• Goal of the exercise: Set down the lines that begin at the top of the records and end with the line containing "然后打开【心形拼图】点击上传图片,就可以开始一键制作了。", and drop every picture.

• Available data:
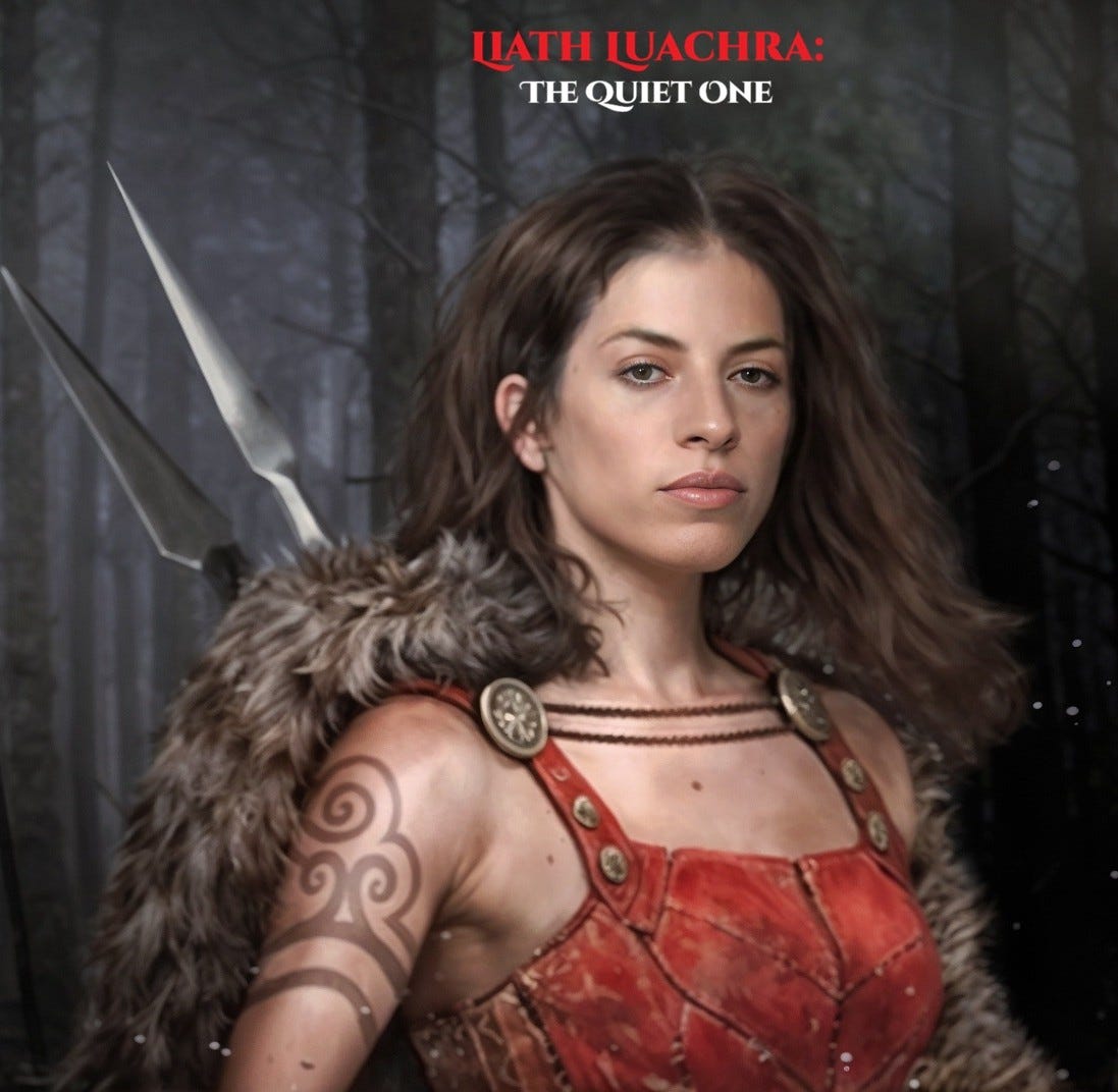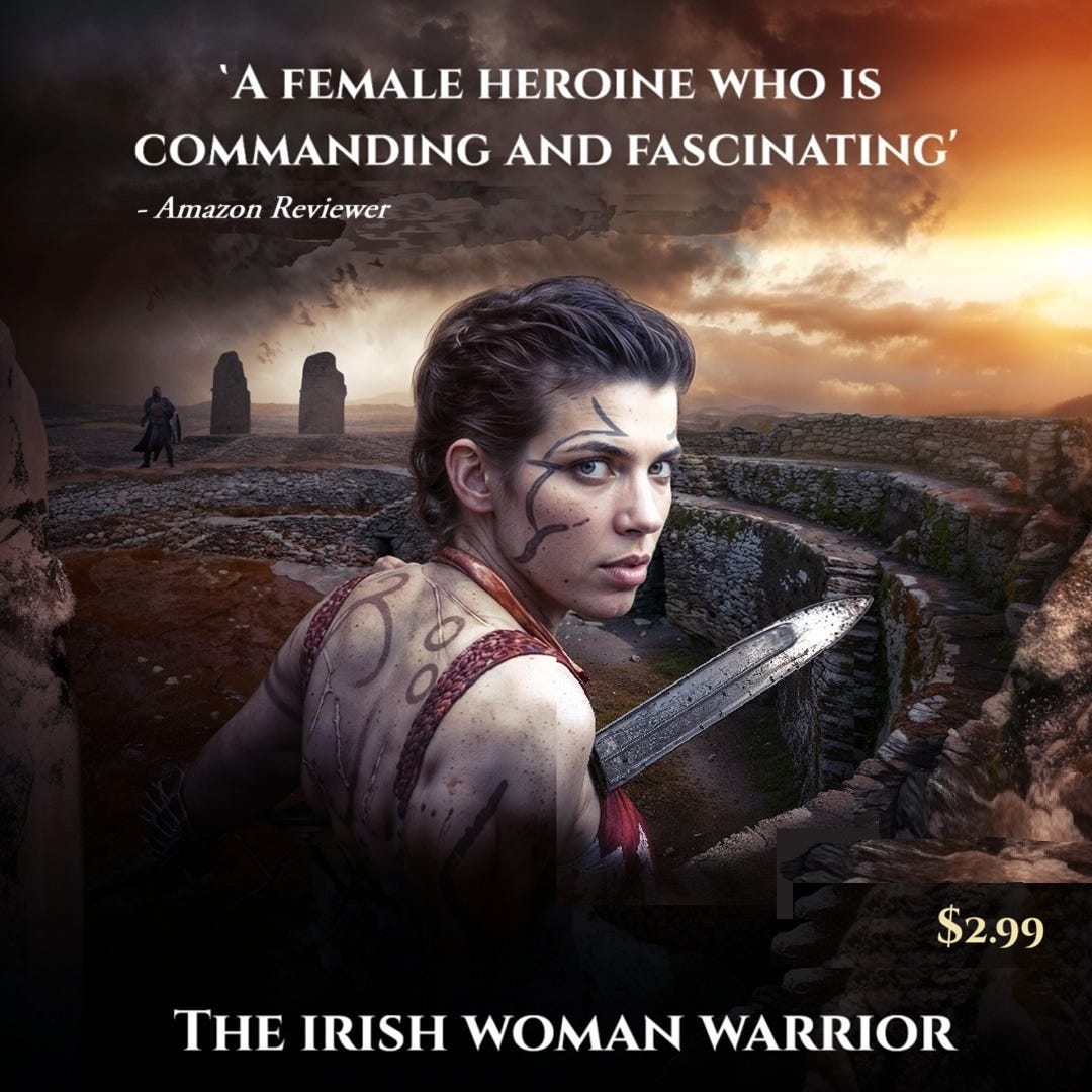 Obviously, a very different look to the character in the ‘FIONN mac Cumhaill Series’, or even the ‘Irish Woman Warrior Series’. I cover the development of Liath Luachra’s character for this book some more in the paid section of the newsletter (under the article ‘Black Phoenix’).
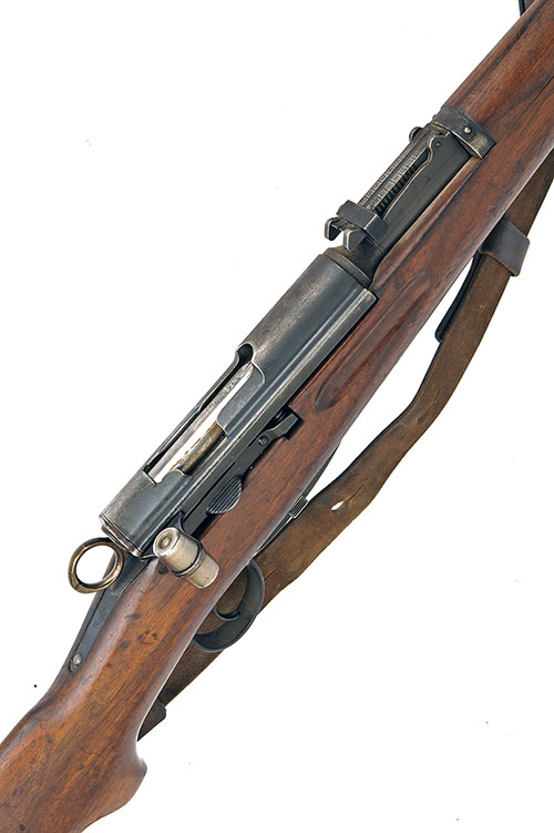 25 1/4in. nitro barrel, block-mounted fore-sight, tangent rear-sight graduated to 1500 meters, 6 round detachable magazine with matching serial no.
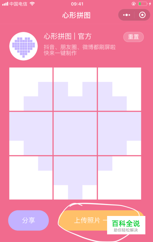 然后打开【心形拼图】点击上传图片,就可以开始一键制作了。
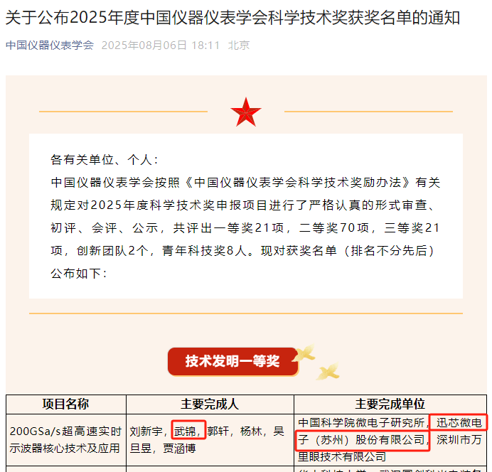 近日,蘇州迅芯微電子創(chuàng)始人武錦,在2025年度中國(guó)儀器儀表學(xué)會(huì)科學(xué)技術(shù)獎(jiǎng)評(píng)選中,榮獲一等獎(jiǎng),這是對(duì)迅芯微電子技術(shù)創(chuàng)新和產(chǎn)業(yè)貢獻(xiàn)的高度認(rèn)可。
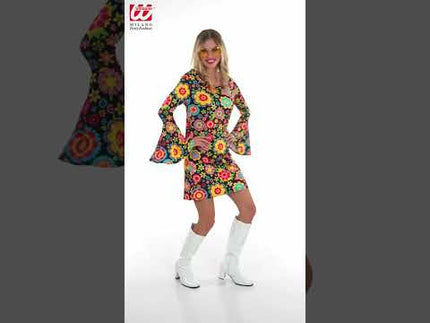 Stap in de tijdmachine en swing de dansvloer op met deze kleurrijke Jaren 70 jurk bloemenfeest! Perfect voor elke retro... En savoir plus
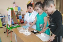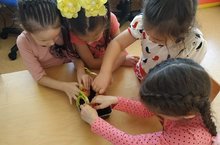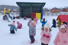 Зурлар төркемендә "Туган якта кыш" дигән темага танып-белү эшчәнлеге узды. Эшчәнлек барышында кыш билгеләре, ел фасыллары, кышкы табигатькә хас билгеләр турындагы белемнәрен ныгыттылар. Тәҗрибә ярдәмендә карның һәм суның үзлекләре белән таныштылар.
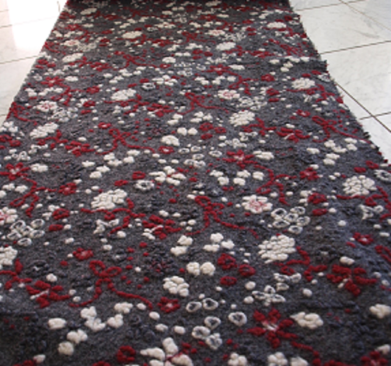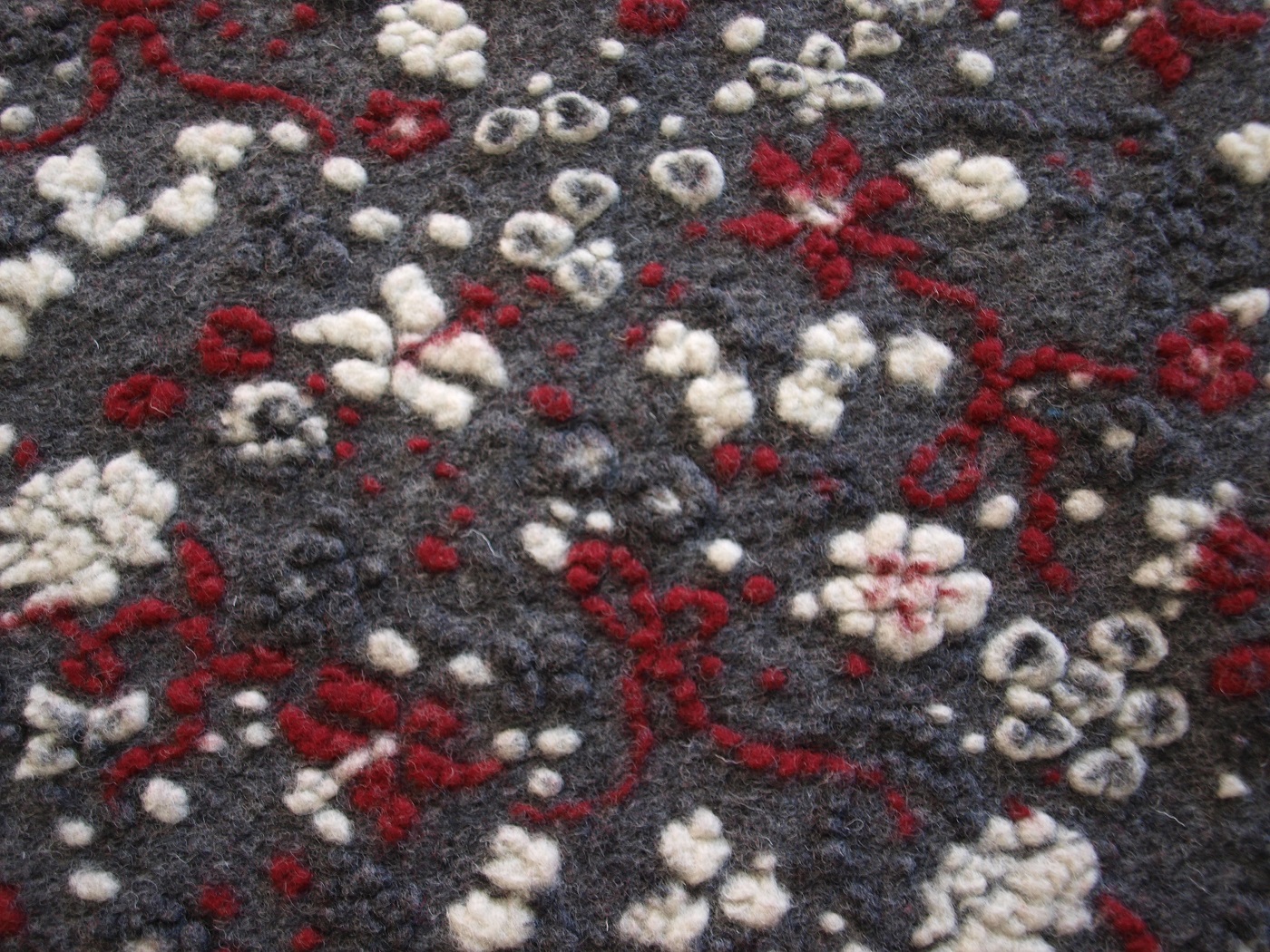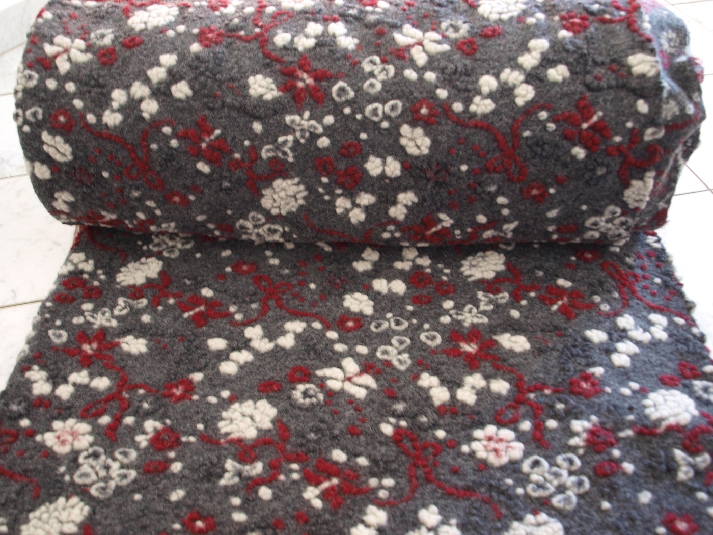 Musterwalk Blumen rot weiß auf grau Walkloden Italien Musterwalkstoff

• Answer to this problem:
 Obviously, a very different look to the character in the ‘FIONN mac Cumhaill Series’, or even the ‘Irish Woman Warrior Series’. I cover the development of Liath Luachra’s character for this book some more in the paid section of the newsletter (under the article ‘Black Phoenix’).
 25 1/4in. nitro barrel, block-mounted fore-sight, tangent rear-sight graduated to 1500 meters, 6 round detachable magazine with matching serial no.
 然后打开【心形拼图】点击上传图片,就可以开始一键制作了。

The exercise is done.